Да ты дай же, боже господи,
Чтобы тлен пришел на цветно его платьице,
Как безумьице во буйну бы головушку!
Еще дай, да боже господи,
Ему в дом жену неумную
Плодить детей неразумных их[3].
Традиционные эти причитания становятся в устах некрасовской героини выражением живого горя и страдания. Не теряя народной напевности, литературный ямбический стих
поэмы с большой силой передает энергию и силу сиюминутно рождающихся скорби и гнева, бесконечно усиленных именно потому, что это скорбь и гнев матери — мотив, которого
нет в народном «Плаче о старосте»:
«Падите, мои слезоньки,
Не на землю, не на воду,
Не на господень храм!
Падите прямо на сердце
Злодею моему!
Ты дай же, боже господи!
Чтоб тлен пришел на платьице,
Безумье на головушку
Злодея моего!
Жену ему неумную
Пошли, детей — юродивых!
Прими, услыши, господи,
Молитвы, слезы матери,
Злодея накажи!..» (III, 274)
Вообще материнство в поэме чувство всеохватное, всепроникающее, человеческое и природное. Потому-то и глава о смерти мальчика Демушкина чата своеобразной интродукцией
— картиной природы: мать-птица рыдает по своим сгоревшим птенцам-детям. Потому-то следующая глава о материнском самоотвержении названа «Волчица».

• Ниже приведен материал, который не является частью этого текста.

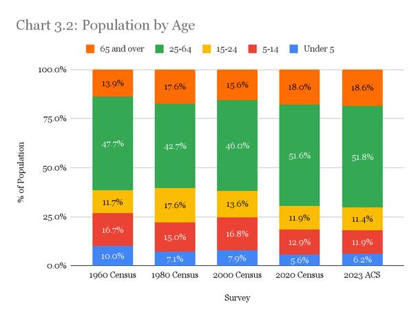 Holyoke’s population has been aging in the past few decades (see Chart 3.2). The median age has risen from 35 at the time of the 2018 OSRP to 39 years as of the 2023 American Community Survey (ACS). The percentage of residents under 25 years has declined from approximately 40% (between 1960–2000) to 30% in 2020, while the working-age group (25–64 years) increased from 42.7% in 1980 to 51.8% in 2023. The population over 65 has also grown.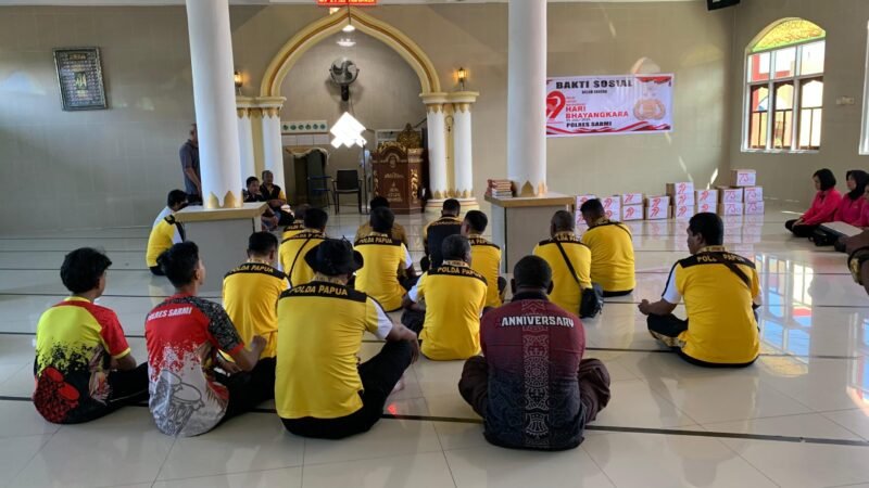 Papua – Dalam rangka menyambut Hari Bhayangkara ke-79, Polres Sarmi Polda Papua menggelar kegiatan Bakti Sosial dengan membagikan paket sembako kepada pengurus Masjid Ar-Rahman Kuma, yang terletak di Kelurahan Mararena, Kabupaten Sarmi, pada Selasa (24/6/2025).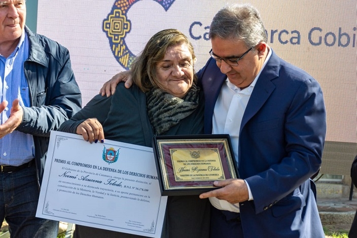 En un acto realizado en Casa de Gobierno, el gobernador Raúl Jalil junto al vicegobernador Rubén Dusso y el ministro de Gobierno, Justicia y Derechos Humanos, Juan Cruz Miranda, entregaron el reconocimiento al “Compromiso en la defensa de los Derechos Humanos", que se le otorgó en esta oportunidad a la presidenta de la Casa de la Memoria, Noemí Toledo.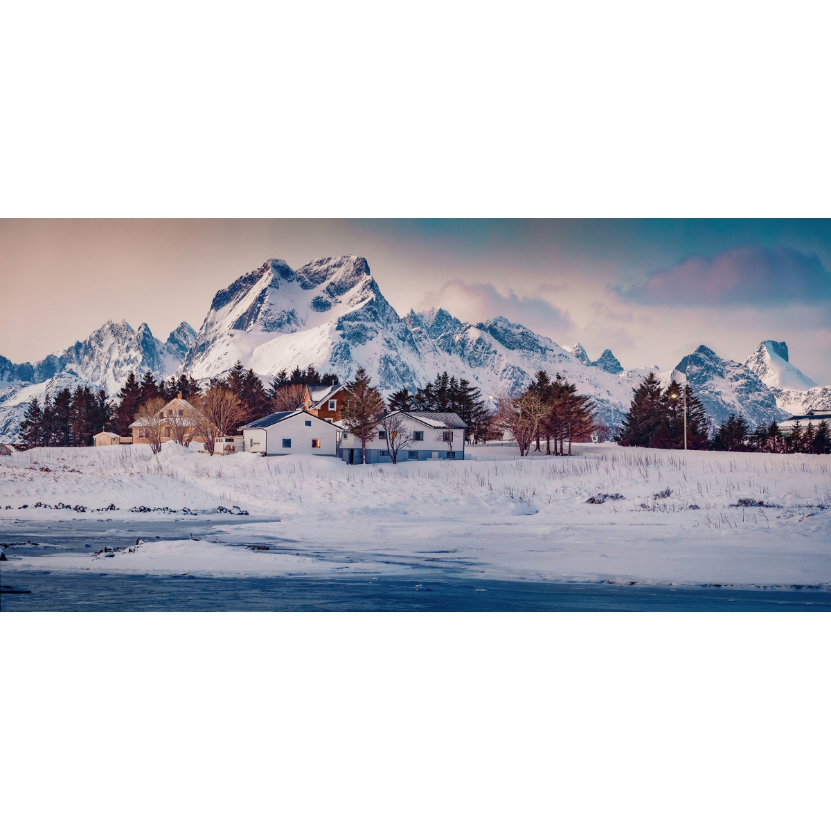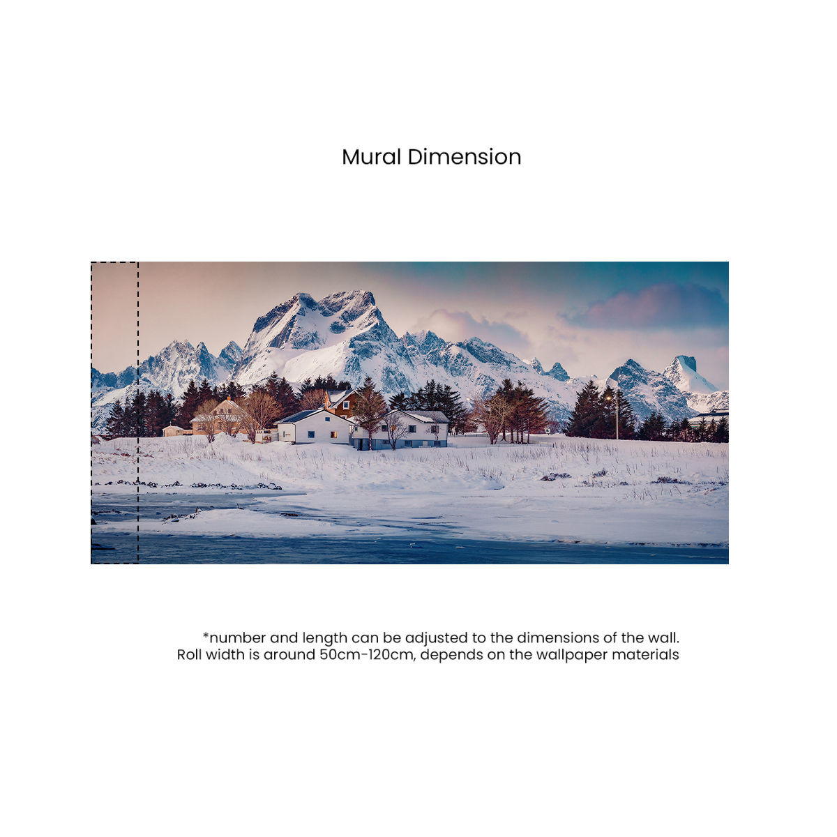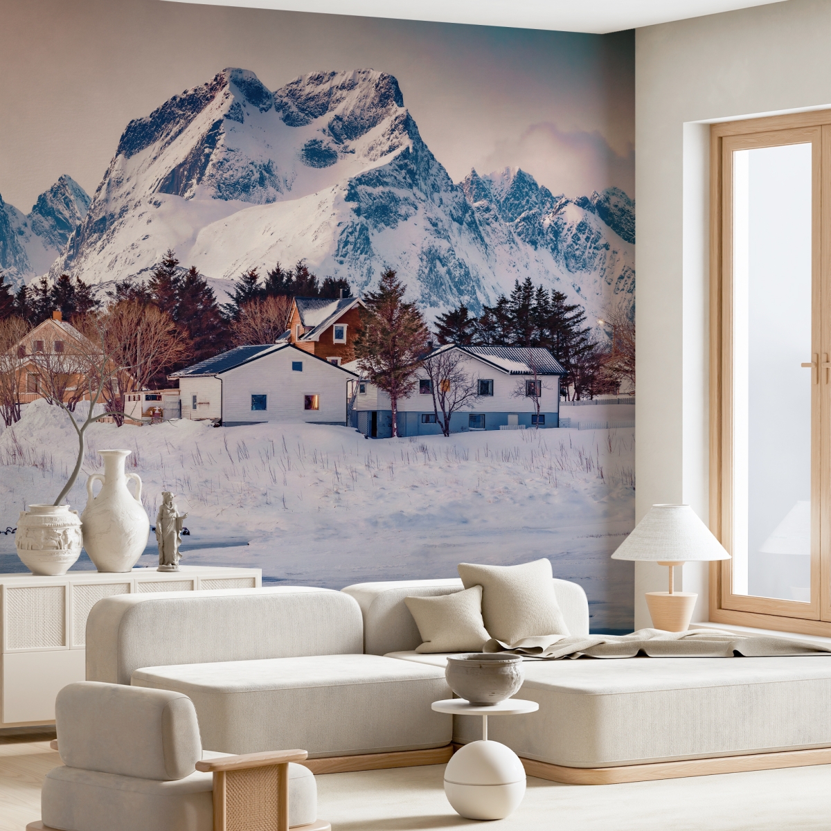 Transport your room to the edge of the world with this stunning Arctic landscape. This mural features a cluster of cozy Nordic cottages nestled beneath the towering, snow capped peaks of a majestic mountain range. Bathed in the soft, ethereal light of a winter sunset, it’s a design that brings a sense of vastness, quietude, and a touch of wanderlust to any feature wall.

Здесь в беспощадно правдивых картинах образы матери-волчицы и матери-человека, оставаясь реальнейшими сами по себе, просвечивают друг друга и сливаются в некий символ
материнства. Потому-то сама крестьянка — в тоске и душевном смятении — обращается к образу покойной матери. А в главе «Губернаторша» в минуту
высшего напряжения духовных и физических сил она разрешается от бремени, давая новую жизнь.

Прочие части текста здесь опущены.